__Work order__
Below is a set of records; reproduce them exactly without their pictures.

** Opening Records shown block **

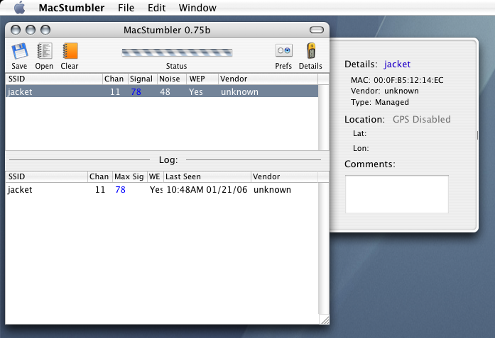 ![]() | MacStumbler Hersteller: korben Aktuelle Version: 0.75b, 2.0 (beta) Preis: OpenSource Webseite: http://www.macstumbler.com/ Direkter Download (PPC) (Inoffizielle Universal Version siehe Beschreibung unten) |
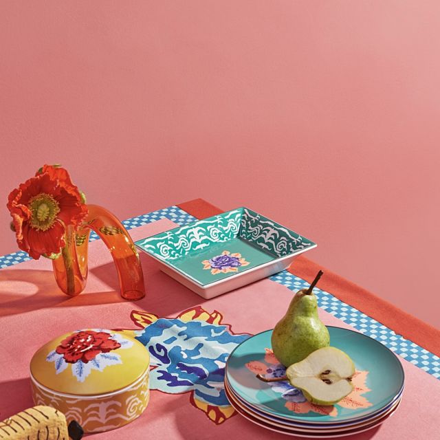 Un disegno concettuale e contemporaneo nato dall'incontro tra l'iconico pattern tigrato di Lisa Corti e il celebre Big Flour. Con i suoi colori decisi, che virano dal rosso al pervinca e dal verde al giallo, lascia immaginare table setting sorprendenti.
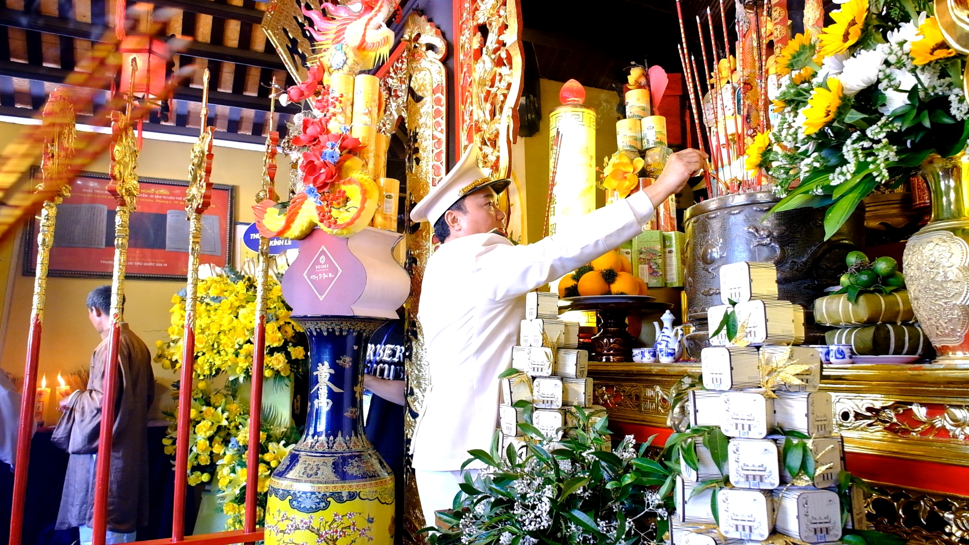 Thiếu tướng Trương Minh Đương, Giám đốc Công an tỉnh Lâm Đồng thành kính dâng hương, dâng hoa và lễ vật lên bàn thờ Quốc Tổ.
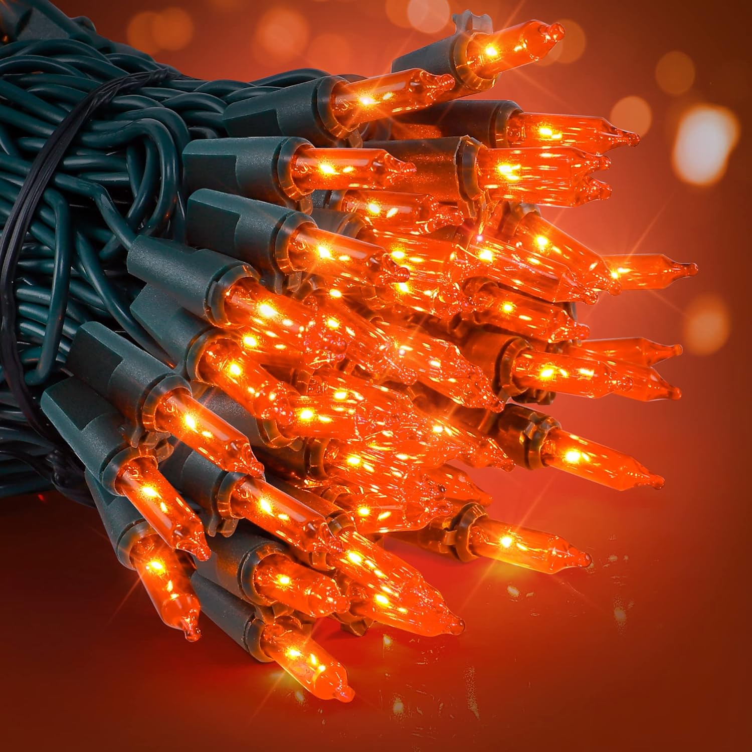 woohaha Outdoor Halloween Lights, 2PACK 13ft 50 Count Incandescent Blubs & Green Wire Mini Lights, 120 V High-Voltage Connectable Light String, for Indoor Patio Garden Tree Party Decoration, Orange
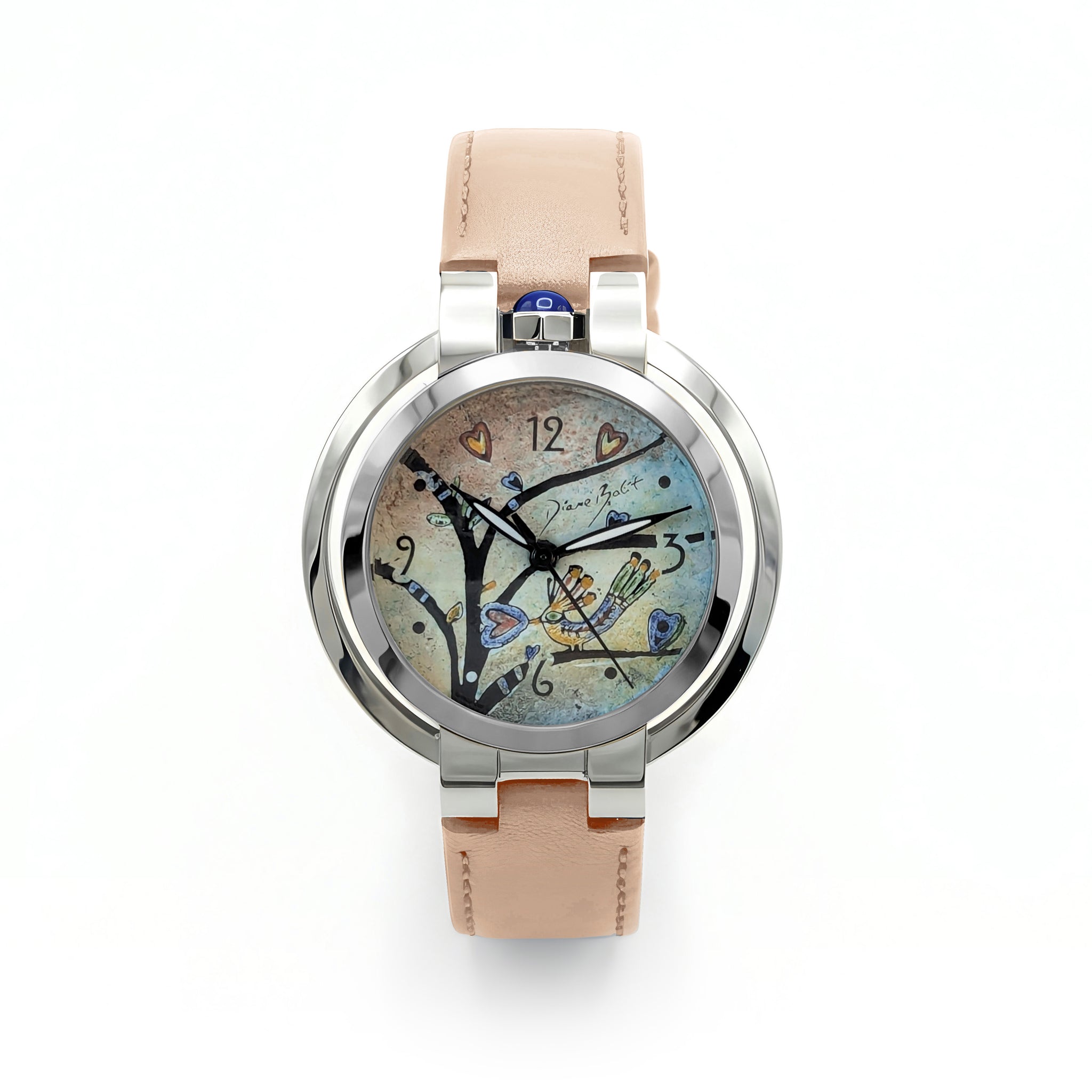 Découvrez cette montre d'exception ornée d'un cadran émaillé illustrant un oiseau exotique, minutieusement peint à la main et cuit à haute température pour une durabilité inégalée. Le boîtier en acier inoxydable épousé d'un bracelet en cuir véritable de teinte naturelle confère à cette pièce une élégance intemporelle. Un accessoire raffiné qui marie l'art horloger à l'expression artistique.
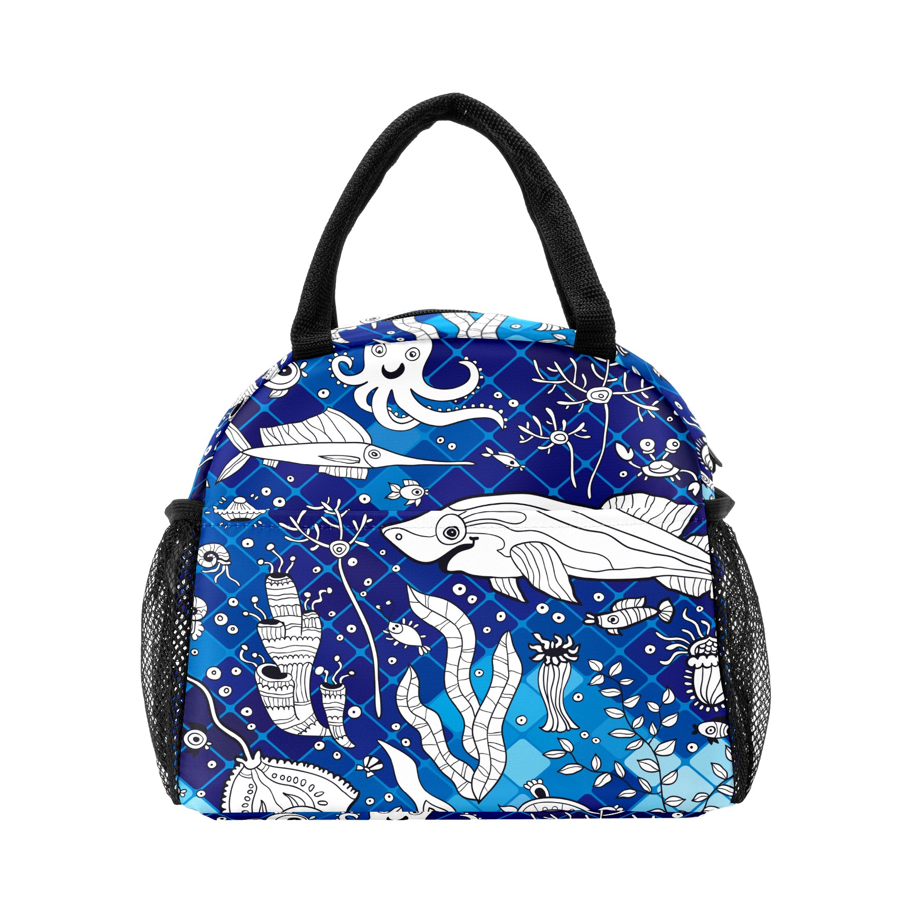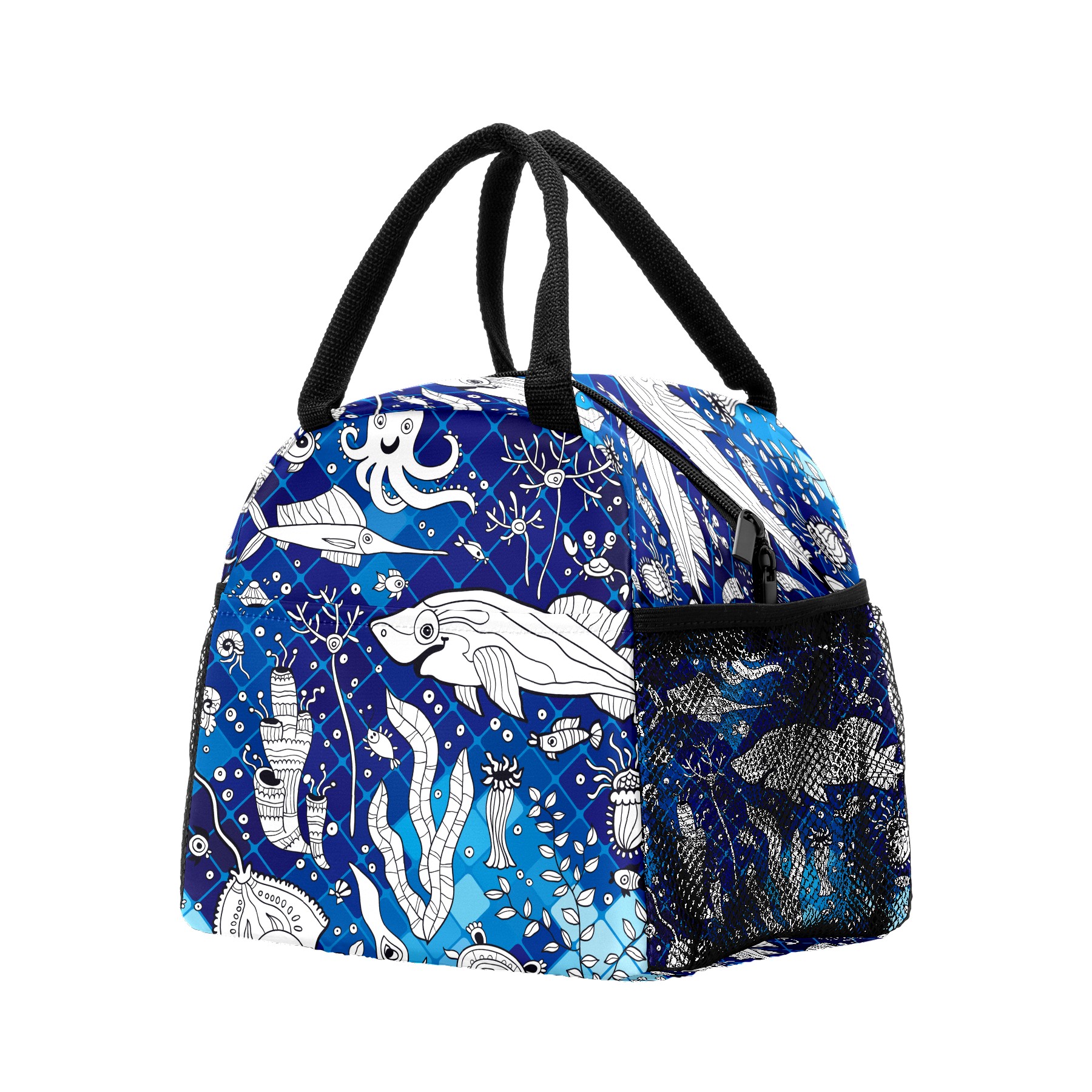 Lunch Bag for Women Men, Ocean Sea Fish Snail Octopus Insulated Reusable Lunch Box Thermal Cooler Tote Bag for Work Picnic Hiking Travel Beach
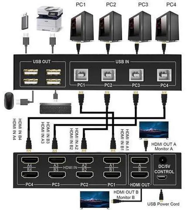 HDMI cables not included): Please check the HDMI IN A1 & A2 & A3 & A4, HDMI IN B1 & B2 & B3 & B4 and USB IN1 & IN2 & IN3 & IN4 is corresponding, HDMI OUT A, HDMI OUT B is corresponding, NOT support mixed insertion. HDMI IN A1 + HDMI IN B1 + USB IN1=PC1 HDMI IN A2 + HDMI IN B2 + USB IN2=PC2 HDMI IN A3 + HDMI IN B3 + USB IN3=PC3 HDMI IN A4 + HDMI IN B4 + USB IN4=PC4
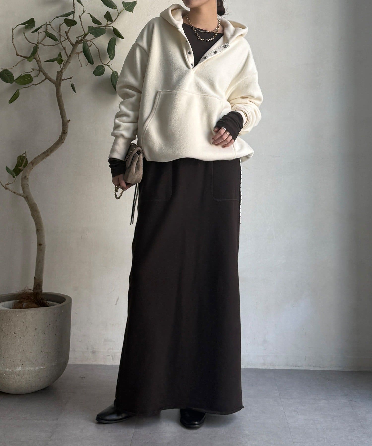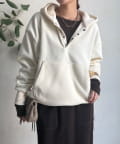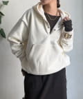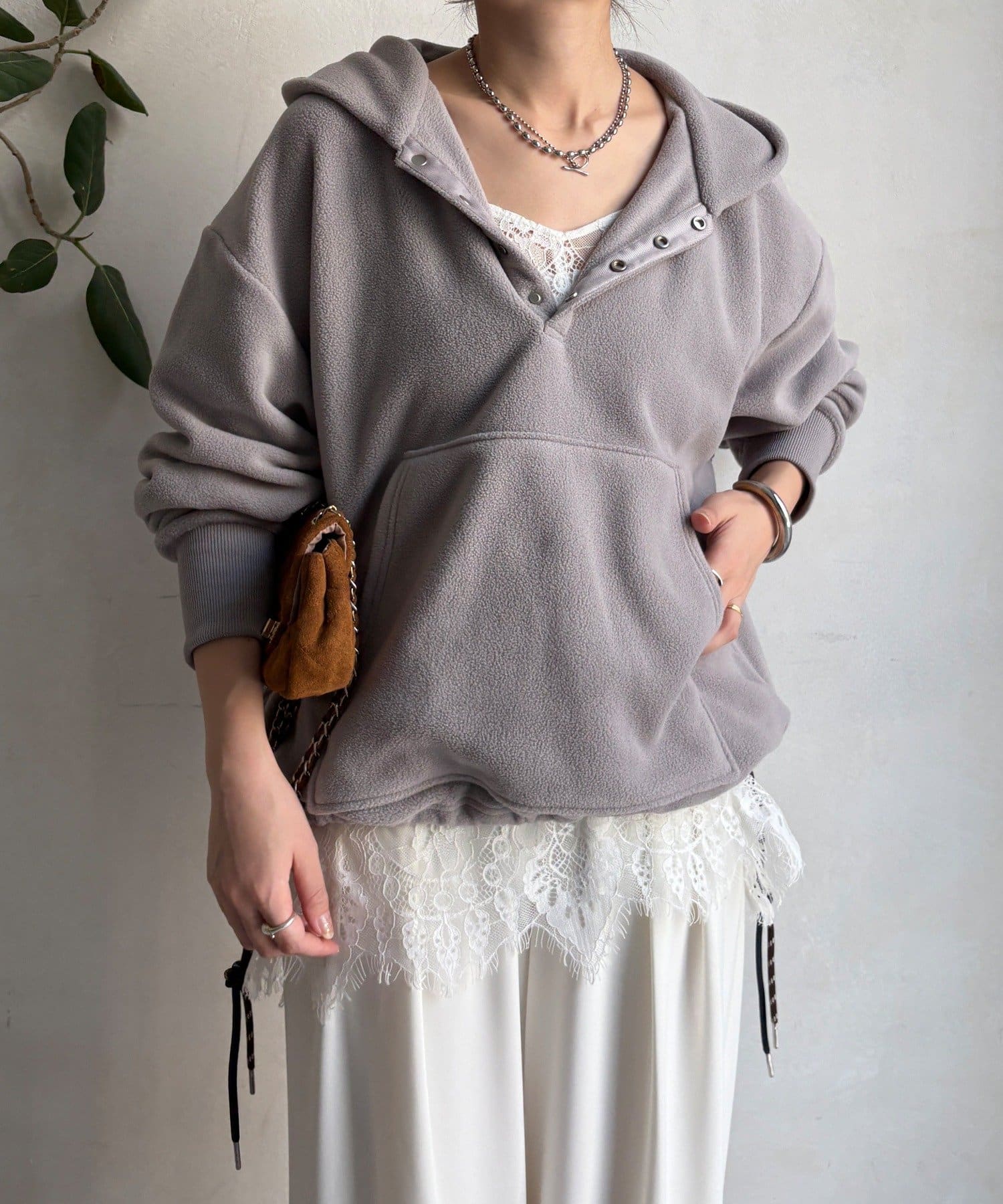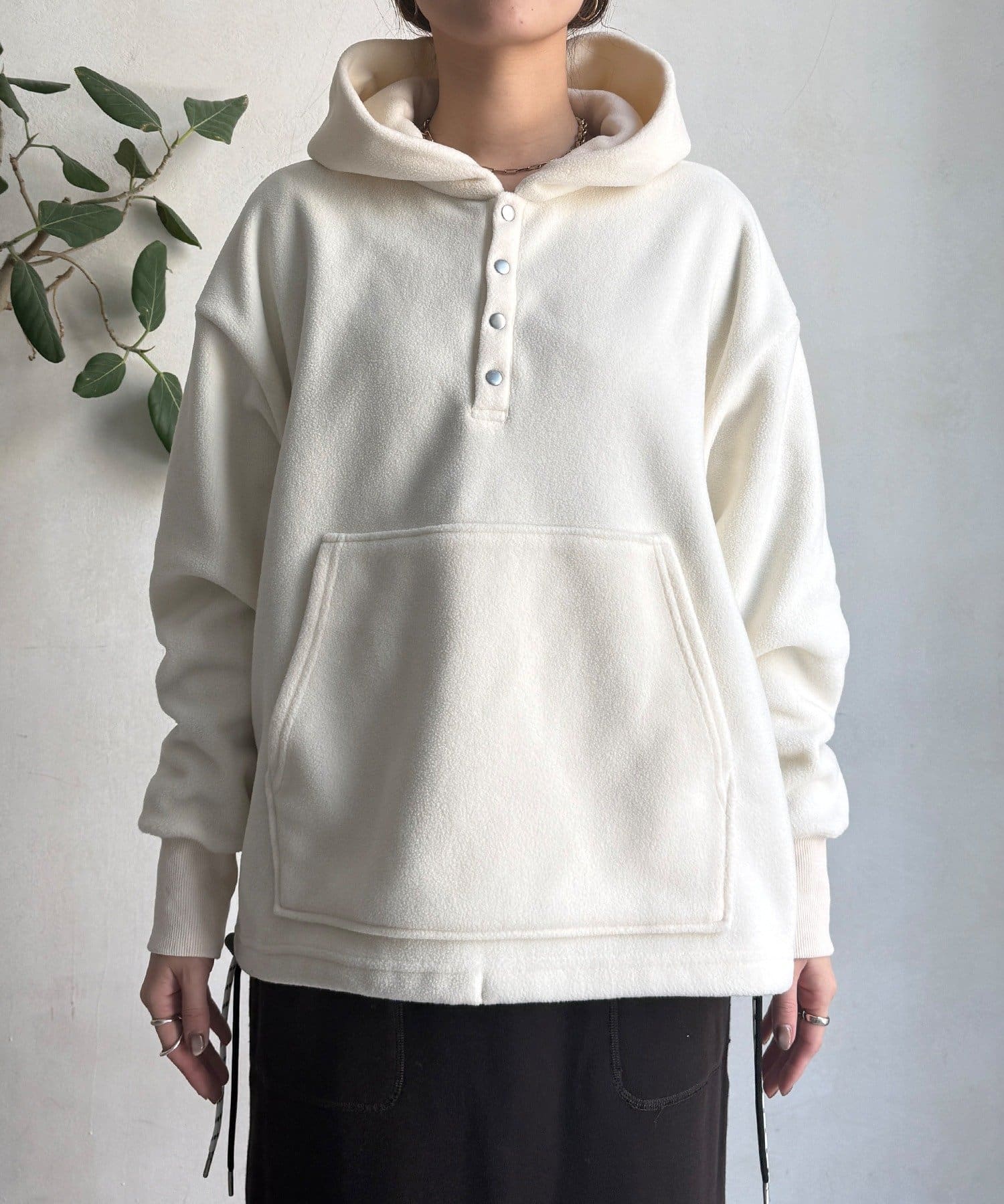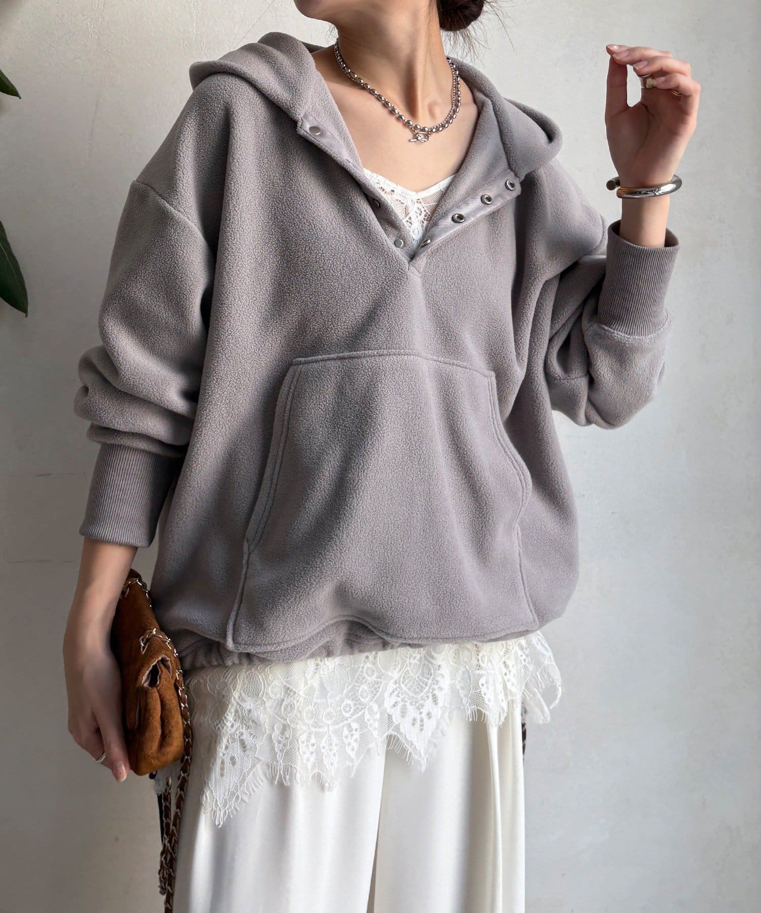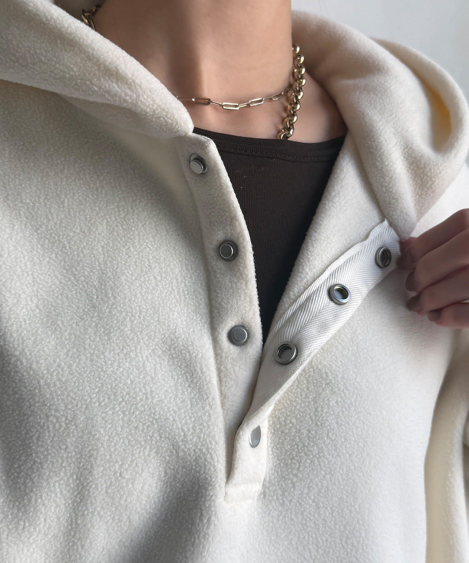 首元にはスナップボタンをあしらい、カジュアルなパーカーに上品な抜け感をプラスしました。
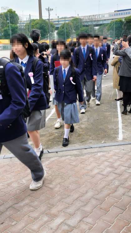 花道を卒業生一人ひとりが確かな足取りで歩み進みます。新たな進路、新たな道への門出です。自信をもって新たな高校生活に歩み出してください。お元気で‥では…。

** Closing Records shown block **

__Answer area__
 ![]() | MacStumbler Hersteller: korben Aktuelle Version: 0.75b, 2.0 (beta) Preis: OpenSource Webseite: http://www.macstumbler.com/ Direkter Download (PPC) (Inoffizielle Universal Version siehe Beschreibung unten) |
 Un disegno concettuale e contemporaneo nato dall'incontro tra l'iconico pattern tigrato di Lisa Corti e il celebre Big Flour. Con i suoi colori decisi, che virano dal rosso al pervinca e dal verde al giallo, lascia immaginare table setting sorprendenti.
 Thiếu tướng Trương Minh Đương, Giám đốc Công an tỉnh Lâm Đồng thành kính dâng hương, dâng hoa và lễ vật lên bàn thờ Quốc Tổ.
 woohaha Outdoor Halloween Lights, 2PACK 13ft 50 Count Incandescent Blubs & Green Wire Mini Lights, 120 V High-Voltage Connectable Light String, for Indoor Patio Garden Tree Party Decoration, Orange
 Découvrez cette montre d'exception ornée d'un cadran émaillé illustrant un oiseau exotique, minutieusement peint à la main et cuit à haute température pour une durabilité inégalée. Le boîtier en acier inoxydable épousé d'un bracelet en cuir véritable de teinte naturelle confère à cette pièce une élégance intemporelle. Un accessoire raffiné qui marie l'art horloger à l'expression artistique.
 Lunch Bag for Women Men, Ocean Sea Fish Snail Octopus Insulated Reusable Lunch Box Thermal Cooler Tote Bag for Work Picnic Hiking Travel Beach
 HDMI cables not included): Please check the HDMI IN A1 & A2 & A3 & A4, HDMI IN B1 & B2 & B3 & B4 and USB IN1 & IN2 & IN3 & IN4 is corresponding, HDMI OUT A, HDMI OUT B is corresponding, NOT support mixed insertion. HDMI IN A1 + HDMI IN B1 + USB IN1=PC1 HDMI IN A2 + HDMI IN B2 + USB IN2=PC2 HDMI IN A3 + HDMI IN B3 + USB IN3=PC3 HDMI IN A4 + HDMI IN B4 + USB IN4=PC4
 首元にはスナップボタンをあしらい、カジュアルなパーカーに上品な抜け感をプラスしました。
 花道を卒業生一人ひとりが確かな足取りで歩み進みます。新たな進路、新たな道への門出です。自信をもって新たな高校生活に歩み出してください。お元気で‥では…。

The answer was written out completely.